The legislation, sponsored by Democrats, would establish the Interchange Fee Prohibition Act for both credit and debit card payments. Interchange fees, also known as swipe fees, are paid by businesses that accept customer payments by card.
A spokesperson for Illinois Gov. J.B. Pritzker, a Democrat, said by email this week that she expects the governor will sign the bill into law by the end of this month after it lands on his desk.
That new law would bar “a payment card network, an acquirer bank, or a processor” from receiving or charging fees on the tax amount or the gratuity associated with the sale of goods and services, according to the legislature’s summary of the bill.
The restriction would be contingent on the merchant informing the bank acquirer accepting the payment of the tax and gratuity amounts as part of the authorization or settlement of the electronic payment, the legislation said.
Other states, including Texas and Florida, have been considering such bills, but the Illinois legislature is the first to pass such legislation, according to National Association of Convenience Stores General Counsel Doug Kantor, who has been tracking bills on the topic. Driving the trend is a realization that businesses shouldn’t have to reach into their own pockets to pay the swipe fees when they’re collecting money on behalf of others, he said.
“There’s a recognition that there’s a very fundamental unfairness going on here: The actual tax dollars that merchants are collecting on behalf of the state are being taken away by the credit card companies,” Kantor said in an interview Friday. “It’s like they’re being penalized for helping out the state in collecting taxes.”
That principle holds true with respect workers’ tips as well, he said. Merchants run the risk of upsetting employees and customers if they don’t pass all of the tip to workers, but conversely they’ll need to debit themselves if they don’t take the fees out of the gratuity, he said.

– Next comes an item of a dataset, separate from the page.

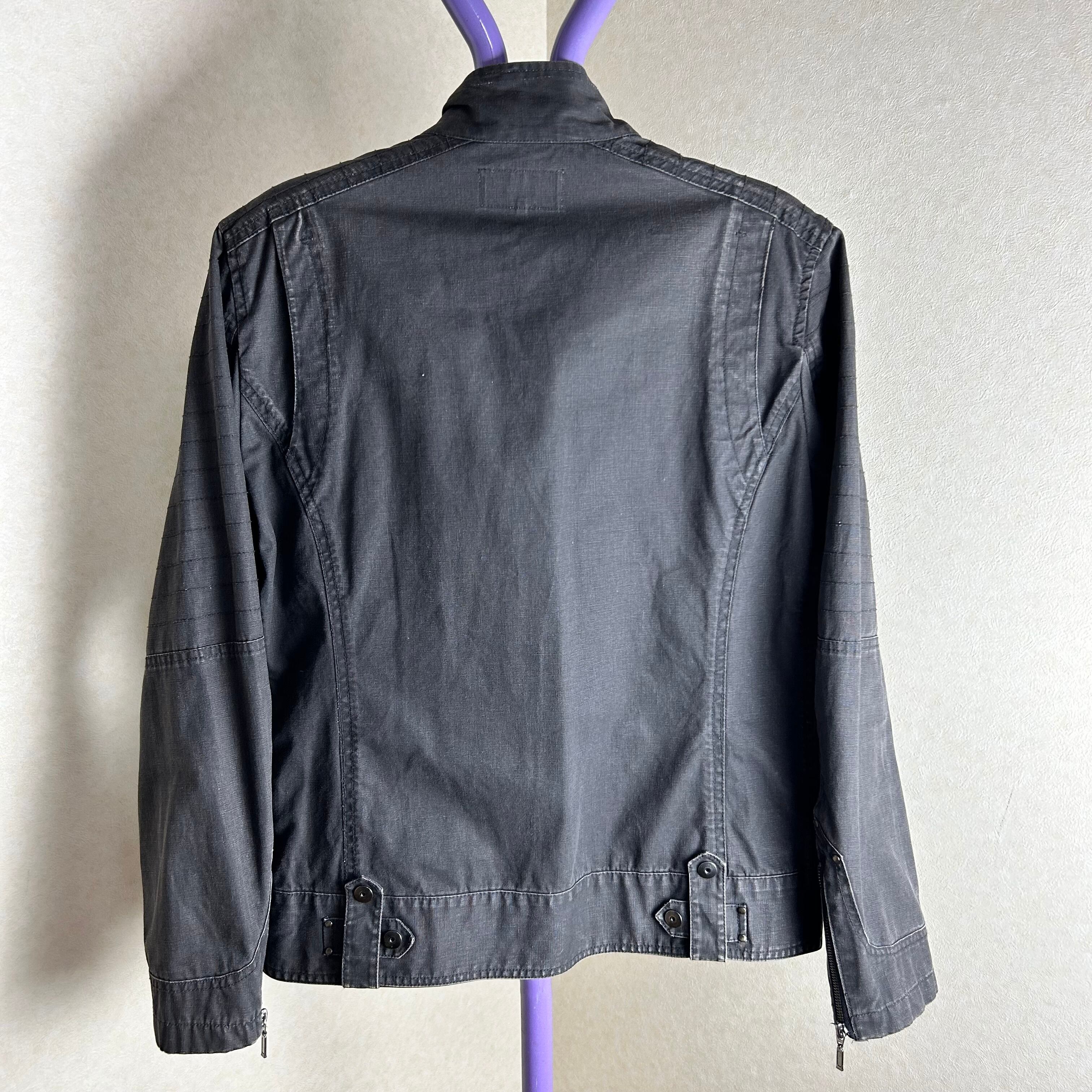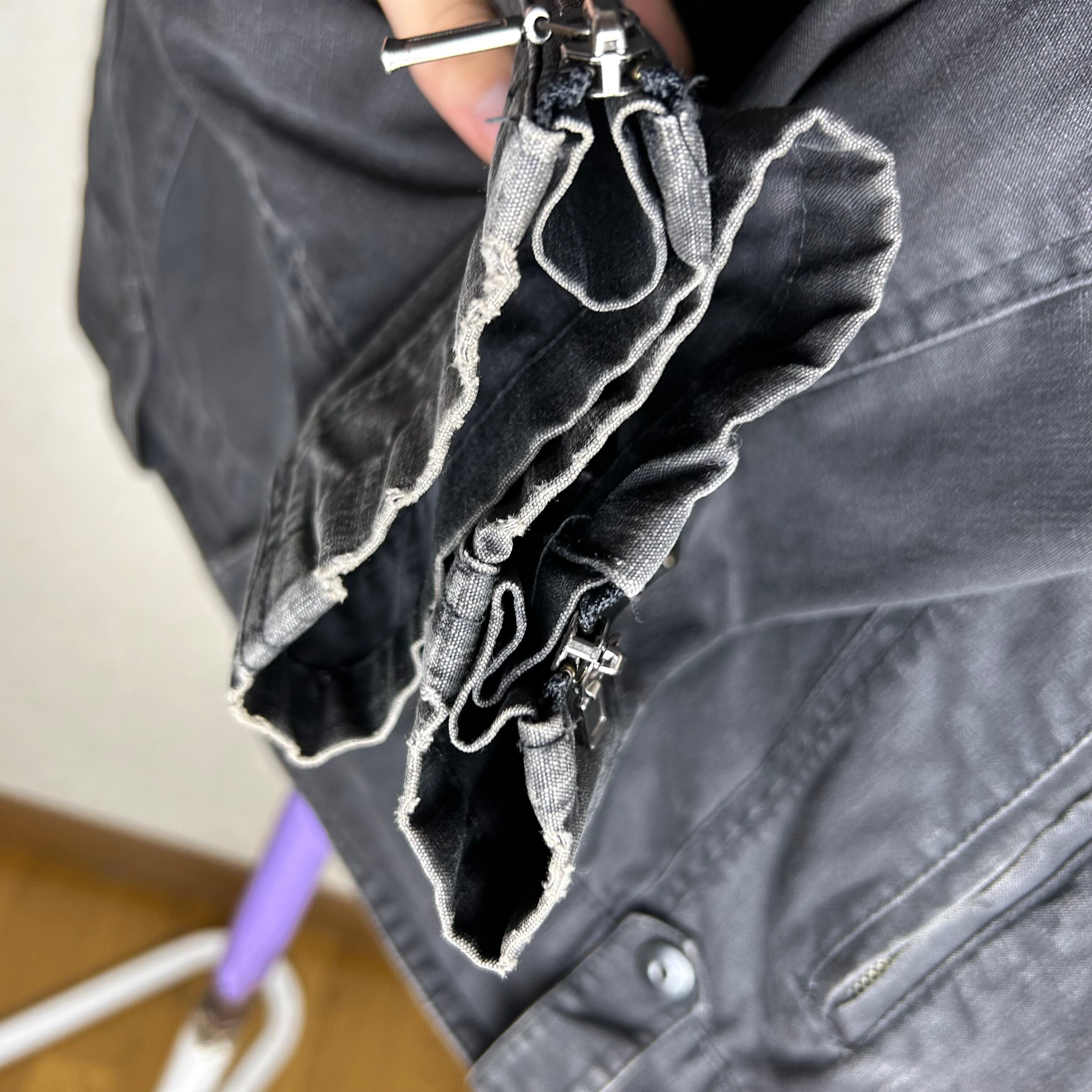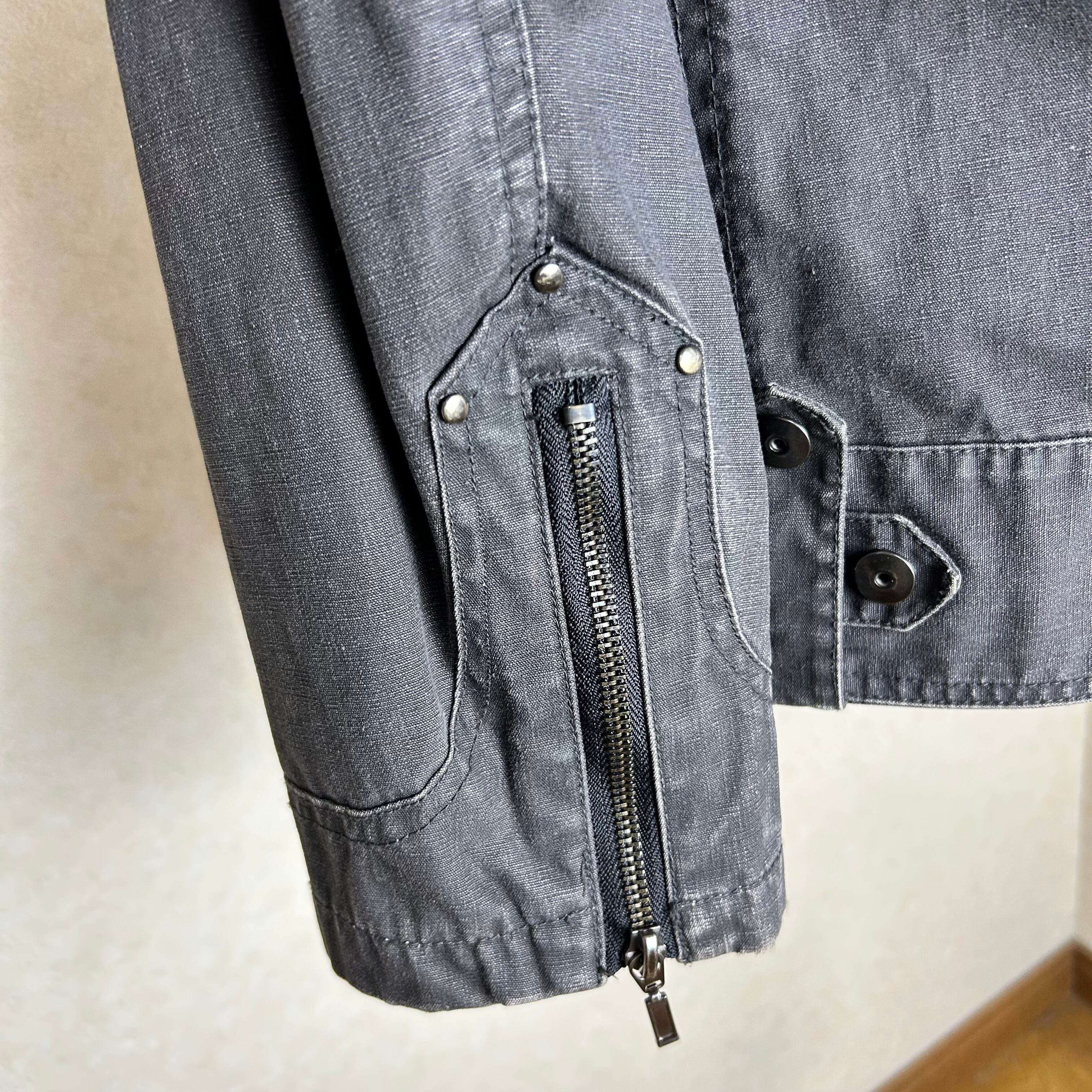 色々ギミックが施されたダークグレーのジャケット。袖にファスナーが付いていたり、裾にスナップボタンが付いていたり細かいギミック多用です。
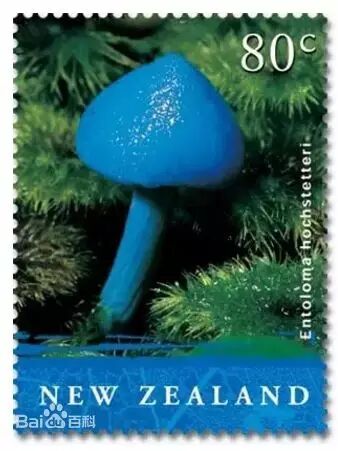 看清楚是哪個國家的鈔票了嗎?沒錯,就是新西蘭了。原來霍氏粉褶菌(藍瘦香菇)是由奧地利地質學家兼博物學家ChristianGottlieb Ferdinand von Hochstetter最早發現於新西蘭並進行了描述記錄的,而且目前全世界只有在新西蘭才發現藍瘦香菇的存在。

U.S. Sen. Dick Durbin, a Democrat from Illinois, applauded the state legislature’s move in a press release last week, saying it would “curb the outrageous swipe fees on electronic transactions.” Durbin has been pushing a bill in Congress, the Credit Card Competition Act, that also seeks to rein in interchange fees.

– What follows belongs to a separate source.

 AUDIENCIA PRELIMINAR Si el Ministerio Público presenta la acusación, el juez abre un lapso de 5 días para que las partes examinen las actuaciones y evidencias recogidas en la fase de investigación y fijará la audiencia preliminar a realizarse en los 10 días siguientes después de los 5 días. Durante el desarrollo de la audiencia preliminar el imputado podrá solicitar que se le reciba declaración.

Kantor is also executive committee member of the Merchants Payments Coalition, which is one of the merchant trade groups that have backed the CCCA proposal. By contrast, interest groups representing the banks that issue credit cards, and their credit card network partners, such as Visa and Mastercard, have opposed the bill.
The House bill, HB 4951, passed that chamber on a 60-47 vote last week, while it passed the Senate earlier in the week on a 37-22 vote. The revenue bill included a host of other legislative items and was split along party lines, supported only by Democrats.
Under the interchange prohibition bill, any entity involved in receiving fees on the tax or gratuity would be subject to a civil penalty of $1,000 per transaction and would be required to refund the fees, according to the text of the bill.
The law also proscribes the card companies from manipulating the calculation of their fees to increase the rate elsewhere in an attempt to circumvent the impact of the law.
ABA Banking Journal reported on the new law last week, also calling it out as the first such law in the U.S., saying it’s scheduled to take effect July 25 of next year. The bill may have been a last-minute addition to appease merchants upset by the governor’s signing of a budget last week that capped a discount retailers receive on sales tax, the Journal reported.